The film took us back to June 25th, 2024 — a day burned into memory. The chants, the defiance, the blood. Students, shopkeepers, Sunday school teachers — ordinary Kenyans whose lives were cut short in a moment meant to redefine democracy.
As the credits rolled, the conversation started. Slowly. Then all at once.
Many participants confessed that watching the documentary reopened emotional wounds. Some shared that it brought back haunting memories of being on the ground during the protests. “It could have been me,” one said. Others sat in silence until they could finally say, “It still hurts.”
Some felt the documentary succeeded in capturing the emotional weight of the moment, but lacked a solid call to action. Names like Rex Masai were painfully absent. “Where was the mention of those who became the faces of this revolution?” someone asked. “How do you spark a movement and then leave out its symbols?”
A few felt the timing was right — a powerful reminder ahead of a crucial election cycle. But others felt it came too late, too clean, too… safe. “The revolution already happened. Where was BBC when the fire was burning hottest?”

There were also sharp critiques of accessibility and reach. With most grassroots communities lacking smartphones or stable internet, some argued that the people most affected by the protest and its fallout may never even see the documentary. “It won’t reach the mama mboga who lost her son. It won’t reach the youth still healing in silence.”

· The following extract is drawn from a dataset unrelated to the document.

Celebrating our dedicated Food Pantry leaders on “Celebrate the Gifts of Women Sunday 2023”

One participant boldly said what many had only implied: “At the end of the day, BBC is a business. They’re selling stories. Not justice.” Others questioned the choice of voices in the film. Why were some individuals featured who hadn’t been visible on the frontlines? Why weren’t the families of the deceased given space to speak?
The fear was real. “I don’t think I’d march again,” one Gen Z participant said quietly. “This time, I watched the ambulances take away politicians while the wounded bled out. What’s the point?”

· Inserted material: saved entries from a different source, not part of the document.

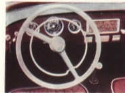
Safety steering wheel. Simple maintenance. Comfortable interior. Neatly arranged fascia panel.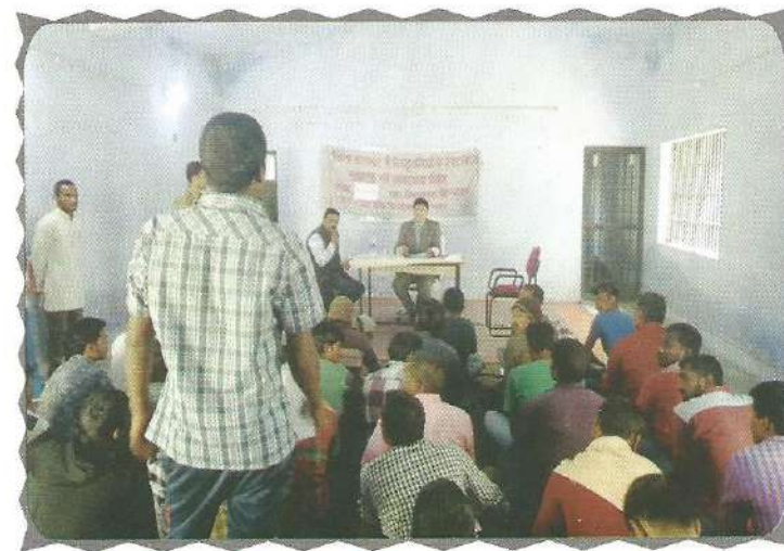
Secretary, Pauri Garhwal interacting with jail inmates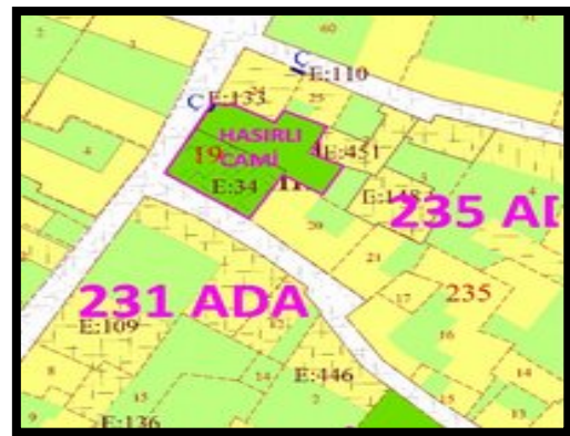
Map 1: Street location of Hasırlı Cami

The room was heavy. But it wasn’t hopeless.
The conversation closed with a shared truth: our systems have failed us. The political class — regardless of side — has united in survival, not service. But so have we. In anger. In truth. In hope.
Someone said it best: “Come 2027, we drain the swamp.”
Coffee Bar isn’t about answers. It’s about awakening. And this week, we woke up to a reality many wanted to forget. Now that we remember, the real work begins.